I tried using UpValue for teaching Mathematica that it could interchange differentiation and av, but apparently that is not the problem. I might be going about this entirely the wrong way, but I'd be grateful for any input. Note the builtin Expectation function does not accomplish it either - e.g., it doesn't handle the derivatives as a proper average operator would. For example

h[y_] := Expectation[y, x \[Distributed] pp] (*pp unknown density*)

Then

D[h[Exp[-x y]], x]

gives

(Expectation^(0,1))[E^(-x y),x\[Distributed]pp] (Distributed^(1,0))[x,pp]-E^(-x y) y   
(Expectation^(1,0))[E^(-x y),x\[Distributed]pp]

whereas I wanted

-y h[Exp[-y x]]

(i.e moving the derivative inside the averaging h). Sune

Answer 1

I think I got it.

av /: D[av[f___], x_] := av[D[f, x]]
av[y_ + z_] := av[y] + av[z]
av[c_ y_] := c av[y] /; FreeQ[c, x]
av[c_] := c /; FreeQ[c, x]
D[av[x y], x]

(* y *)

D[av[Exp[-x y]], x]
(* -y av[E^(-x y)] *)

I wasn't using UpValues correctly before.

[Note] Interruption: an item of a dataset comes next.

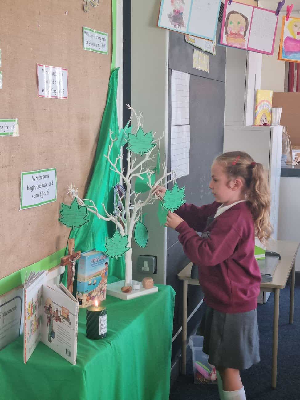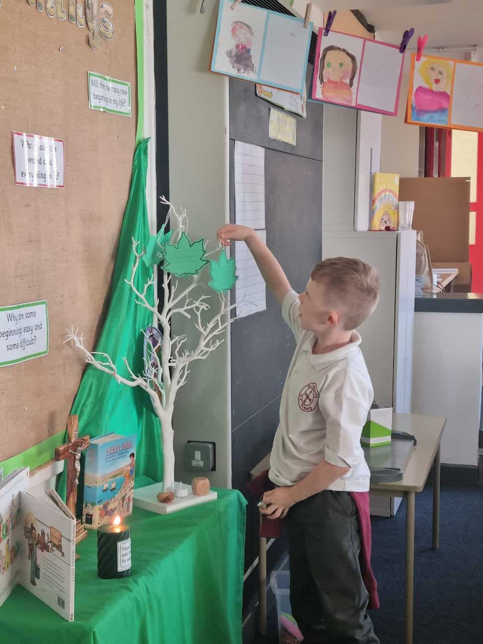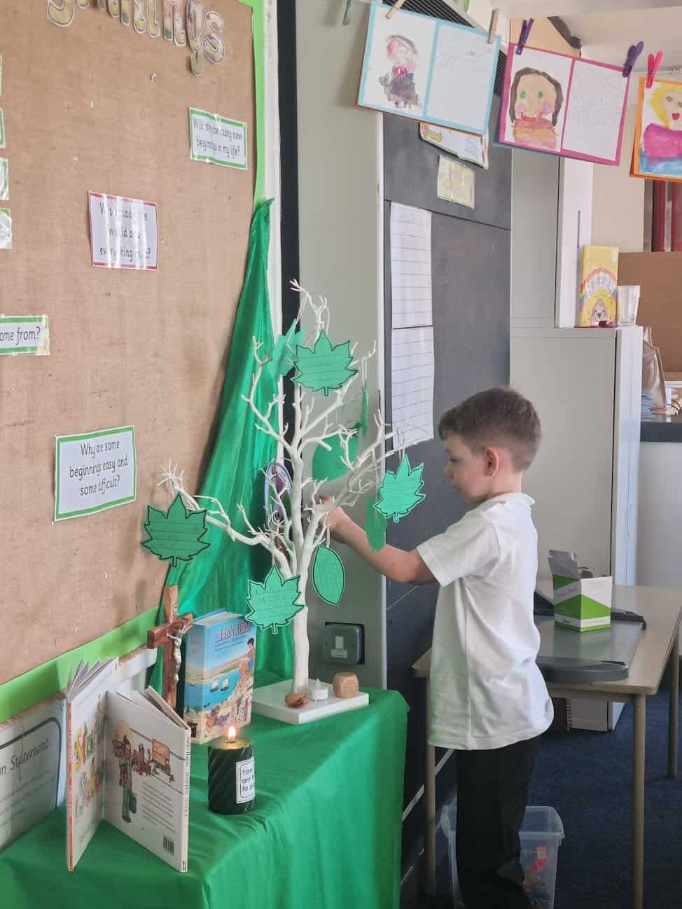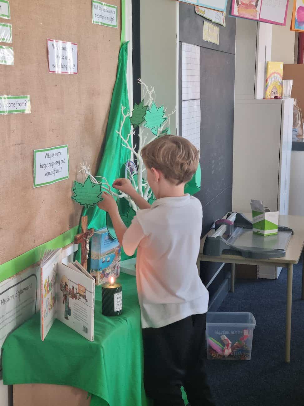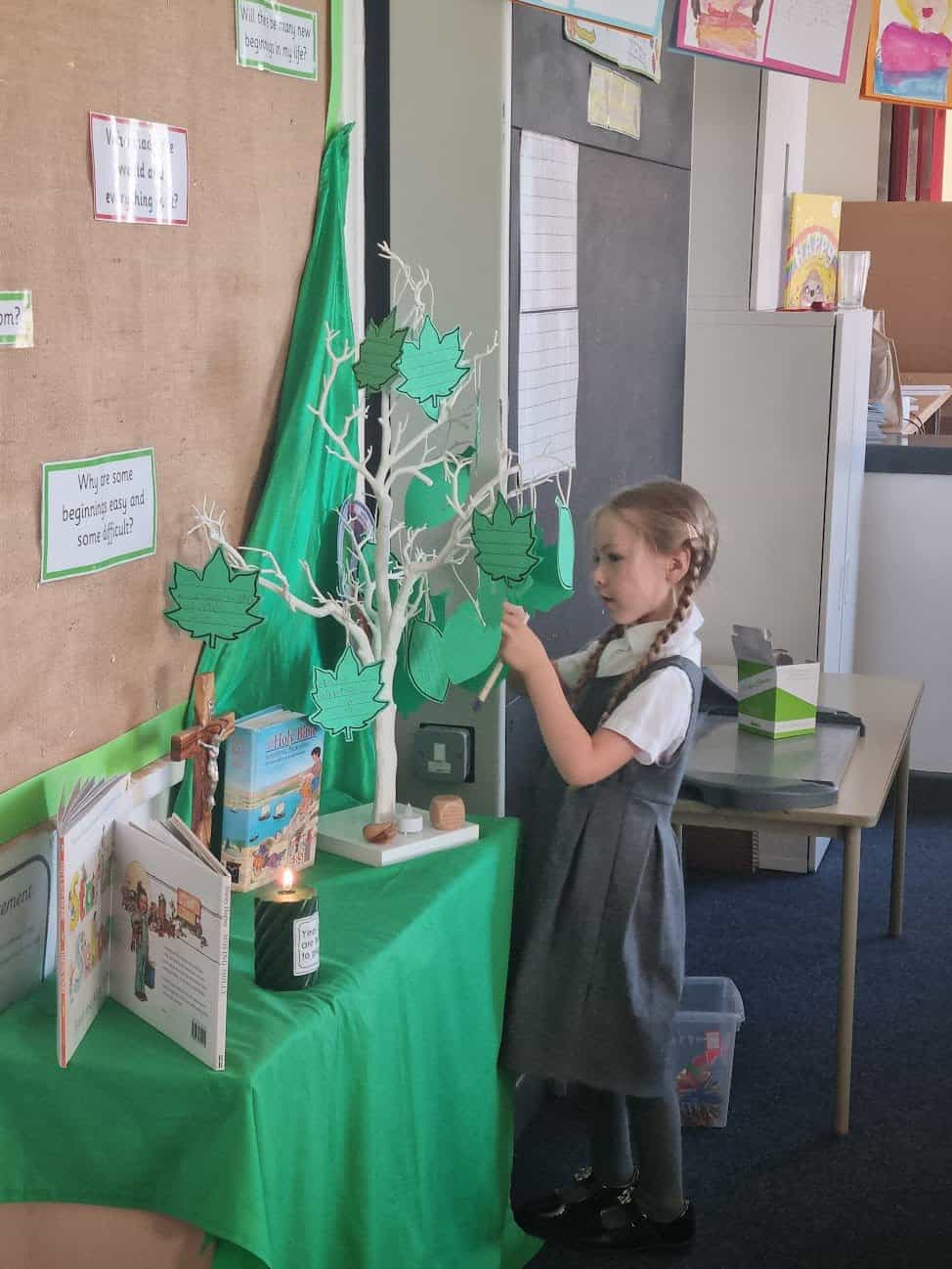 We then wrote on a leaf describing a new beginning. We gathered around our class display and had a quiet moment together reflecting on and appreciating how every beginning is an opportunity for a new start. We also thought about the many beginnings each new day offers.

EDIT: Well, turns out there's still a problem:

D[Log[av[Exp[-b x]]], b]
(* -((E^(-b x) x)/av[E^(-b x)]) *)

instead of

-(av[(E^(-b x) x)]/av[E^(-b x)])

What's going on? Sune

Answer 2

Just define exactly what you want:

av[expr_] := Integrate[f[x] expr, {x, -∞, ∞}];

Here f[x] is undefined function.

D[av[Exp[-x y]], y]

D[Log[av[Exp[-b x]]], b]

P.S. There is a possible bug

f[c_] := c /; FreeQ[c, x]

f'
(* 1 & *)

The condition was lost.